National Institute of Technology Silchar, Silchar, India

0009-0003-7302-2585
View Profile

ACM Transactions on Asian and Low-Resource Language Information Processing Volume 23 Issue 3Article No.: 37pp 1–23https://doi.org/10.1145/3643824

Published:09 March 2024Publication History

ACM Transactions on Asian and Low-Resource Language Information Processing

Abstract

Sign Language (SL) is the only means of communication for the hearing-impaired people. Normal people have difficulty understanding SL, resulting in a communication barrier between hearing impaired people and hearing community. However, the Sign Language Recognition System (SLRS) has helped to bridge the communication gap. Many SLRs are proposed for recognizing SL; however, a limited number of works are reported for Indian Sign Language (ISL). Most of the existing SLRS focus on global features other than the Region of Interest (ROI).
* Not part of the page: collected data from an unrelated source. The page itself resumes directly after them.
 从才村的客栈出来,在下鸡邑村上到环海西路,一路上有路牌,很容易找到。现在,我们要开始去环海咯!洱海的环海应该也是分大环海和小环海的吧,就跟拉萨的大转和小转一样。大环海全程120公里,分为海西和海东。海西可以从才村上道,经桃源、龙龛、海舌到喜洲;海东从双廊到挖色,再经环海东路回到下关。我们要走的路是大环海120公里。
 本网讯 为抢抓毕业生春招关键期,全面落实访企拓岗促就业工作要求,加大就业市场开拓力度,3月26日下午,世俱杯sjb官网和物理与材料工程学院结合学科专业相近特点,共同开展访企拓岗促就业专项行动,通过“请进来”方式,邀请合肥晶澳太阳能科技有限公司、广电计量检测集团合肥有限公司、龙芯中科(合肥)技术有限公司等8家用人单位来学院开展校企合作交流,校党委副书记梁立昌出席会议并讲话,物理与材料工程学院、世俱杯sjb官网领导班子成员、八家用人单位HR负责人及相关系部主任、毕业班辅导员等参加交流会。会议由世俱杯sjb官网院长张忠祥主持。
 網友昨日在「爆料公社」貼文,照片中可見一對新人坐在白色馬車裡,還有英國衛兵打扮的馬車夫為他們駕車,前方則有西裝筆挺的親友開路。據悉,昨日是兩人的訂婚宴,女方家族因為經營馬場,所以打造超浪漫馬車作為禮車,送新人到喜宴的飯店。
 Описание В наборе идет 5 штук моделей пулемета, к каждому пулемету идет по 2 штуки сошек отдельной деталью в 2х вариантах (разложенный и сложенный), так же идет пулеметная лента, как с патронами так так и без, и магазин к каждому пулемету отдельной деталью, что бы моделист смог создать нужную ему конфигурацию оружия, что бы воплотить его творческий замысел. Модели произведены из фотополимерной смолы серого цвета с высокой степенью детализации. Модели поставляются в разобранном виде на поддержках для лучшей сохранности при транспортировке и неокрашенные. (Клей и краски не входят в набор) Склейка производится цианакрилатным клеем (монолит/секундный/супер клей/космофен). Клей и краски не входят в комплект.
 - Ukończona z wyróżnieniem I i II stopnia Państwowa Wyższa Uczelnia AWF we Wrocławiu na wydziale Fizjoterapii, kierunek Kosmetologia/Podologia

Focusing more on the hand region and extracting local features from the ROI improves system accuracy. The attention mechanism is a widely used technique for emphasizing the ROI. However, only a few SLRS used the attention method. They employed the Convolution Block Attention Module and temporal attention but Spatial Attention (SA) is not utilized in previous SLRS. Therefore, a novel SA based SLRS named Spatial Attention-based Sign Language Recognition Module (SASLRM) is proposed to recognize ISL words for emergency situations. SASLRM recognizes ISL words by combining convolution features from a pretrained VGG-19 model and attention features from a SA module. The proposed model accomplished an average accuracy of 95.627% on the ISL dataset. The proposed SASLRM is further validated on LSA64, WLASL, and Cambridge Hand Gesture Recognition datasets where, the proposed model reached an accuracy of 97.84%, 98.86%, and 98.22%, respectively. The results indicate the effectiveness of the proposed SLRS in comparison with the existing SLRS.

1 INTRODUCTION

Sign Language (SL) is the only means of communication for hearing-impaired people. According to the World Health Organization, approximately 63 million Indians are hearing impaired [16]. However, very few people are well trained or can understand SL, which creates a communication barrier between the hearing and deaf community. Employing a human interpreter is a traditional approach to resolving this issue. However, well-trained professional human interpreters are not easily available, and they are not cost-effective. Besides these, signer need to compromise confidentiality. Therefore, Sign Language Recognition System (SLRS) can be an effective choice for reducing the communication barrier between the two communities. The objective of an SLRS is to provide a platform to facilitate the communication process. Since the early 2010s, considerable advancements have taken place in the evolution of SLRS. Nevertheless, these systems lack a unified standard due to the existence of numerous variations within sign language recognition tasks. In broad terms, these tasks can be categorized into two main types: static and dynamic sign language recognition, which depend on the representation of gestures. The static sign language recognition task revolves around identifying gestures without any associated motion. However, dynamic sign language recognition involves the identification of gestures that incorporate motion. The dynamic category can be further divided into isolated word recognition and continuous sentence recognition [13]. The state-of-the-art approach for static SL recognition has achieved remarkable performance. In contrast with static SL recognition the dynamic SL recognition still an unexplored area of research specifically for Indian Sign Language (ISL). Dynamic sign language recognition operates with a video containing a series of sequential gestures, aiming to produce an output of either a single word or a sequence of words.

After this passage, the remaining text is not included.